Imagine your postgres database landing on a node with slow disk I/O. Query performance tanks. Or picture all three vote service replicas scheduled to the same node. When that node goes down for maintenance, your entire voting frontend becomes unavailable. These scenarios happen in production when you let the scheduler make all decisions without guidance.

Advanced pod scheduling gives you control. You can place databases on fast storage, spread frontend replicas across availability zones, and dedicate specific nodes to resource-intensive workloads. This module teaches you three scheduling mechanisms: node affinity (attracting pods to specific nodes), pod affinity and anti-affinity (controlling pod co-location), and taints and tolerations (repelling pods from nodes unless explicitly allowed).

How the Scheduler Works

The Kubernetes scheduler assigns pods to nodes in two phases: filtering and scoring.

In the filtering phase, the scheduler eliminates nodes that cannot run the pod. A node fails filtering if it lacks sufficient CPU or memory, has a taint the pod doesn't tolerate, or doesn't match required affinity rules. Only nodes that pass all hard requirements move to the scoring phase.

In the scoring phase, the scheduler assigns each remaining node a score based on preferences. Nodes with more available resources score higher. Nodes matching preferred affinity rules get bonus points (weights from 1-100). The scheduler totals the scores and picks the highest-scoring node.

One critical detail: scheduling happens once. The phrase "IgnoredDuringExecution" appears throughout scheduling APIs. It means once a pod lands on a node, it stays there even if conditions change. If you add a new node with faster storage after postgres is already running, the scheduler won't move the postgres pod. Scheduling is a one-time decision, not continuous optimization.

Node Affinity

Node affinity attracts pods to nodes based on node labels. It replaces the older nodeSelector field with a more expressive syntax that supports operators and weights.

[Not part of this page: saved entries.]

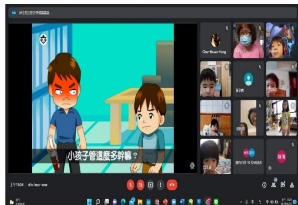
※影片欣賞：『如何面對家庭暴力』。 幼兒分享：受到家庭暴力一定要說出來。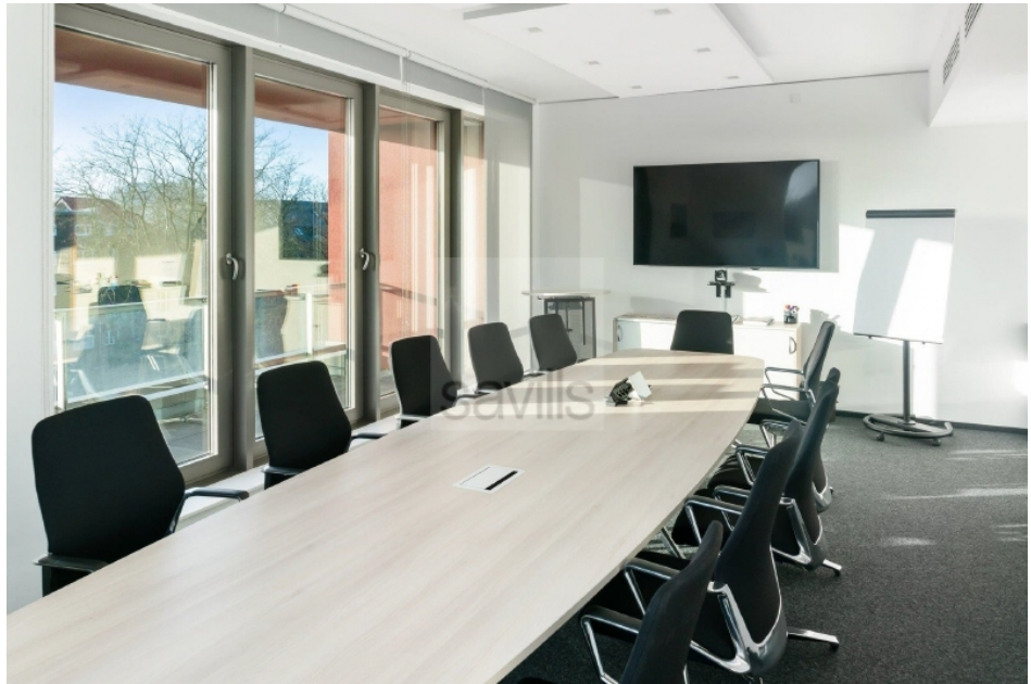
Konferenzraum 2 Hartzloh 25, Fuhlsbüttler Straße - Quartier21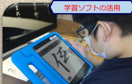
学習ソフトの活用

There are two types of node affinity:

requiredDuringSchedulingIgnoredDuringExecution creates hard requirements. The pod will NOT schedule unless a node matches. Use this when placement is mandatory, like placing databases on SSD nodes.

preferredDuringSchedulingIgnoredDuringExecution creates soft preferences with weights (1-100). The scheduler tries to honor these preferences but will place the pod elsewhere if necessary. Use this when you have a preference but can tolerate exceptions.

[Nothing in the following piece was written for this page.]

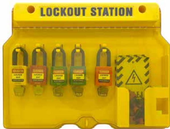
E-nr: E0668724 Art.nr: X3099191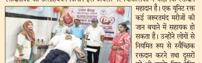
रक्तदान करते लोग।

Here's how you would configure postgres to require SSD nodes:

postgres-deployment.yaml
apiVersion: apps/v1
kind: Deployment
metadata:
  name: postgres
spec:
  replicas: 1
  selector:
    matchLabels:
      app: postgres
  template:
    metadata:
      labels:
        app: postgres
    spec:
      affinity:
        nodeAffinity:
          # REQUIRED: Must schedule on nodes with SSD
          requiredDuringSchedulingIgnoredDuringExecution:
            nodeSelectorTerms:
            - matchExpressions:
              - key: disktype
                operator: In
                values:
                - ssd
      containers:
      - name: postgres
        image: postgres:15-alpine
        env:
        - name: POSTGRES_PASSWORD
          value: "postgres"

The matchExpressions field supports several operators:

In: Label value must be in the list
NotIn: Label value must not be in the list
Exists: Label key must exist (value doesn't matter)
DoesNotExist: Label key must not exist
Gt: Label value must be greater than (numeric comparison)
Lt: Label value must be less than (numeric comparison)

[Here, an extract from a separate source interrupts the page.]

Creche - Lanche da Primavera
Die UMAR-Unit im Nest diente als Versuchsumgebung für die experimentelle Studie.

Always Verify Labels First

The most common scheduling mistake is writing affinity rules for labels that don't exist. Always run kubectl get nodes --show-labels before writing affinity rules. If the label isn't there, your pod stays Pending forever.

You can combine multiple preferences with different weights. For example, you might prefer SSD nodes (weight 80) but also prefer nodes in the us-west-1 zone (weight 50). A node with both labels scores 130 points. A node with just SSD scores 80. The scheduler picks the highest total.

Pod Affinity and Anti-Affinity

While node affinity controls pod-to-node relationships, pod affinity controls pod-to-pod relationships. Pod affinity attracts pods to nodes where certain other pods are already running. Pod anti-affinity repels pods from nodes where certain other pods are running.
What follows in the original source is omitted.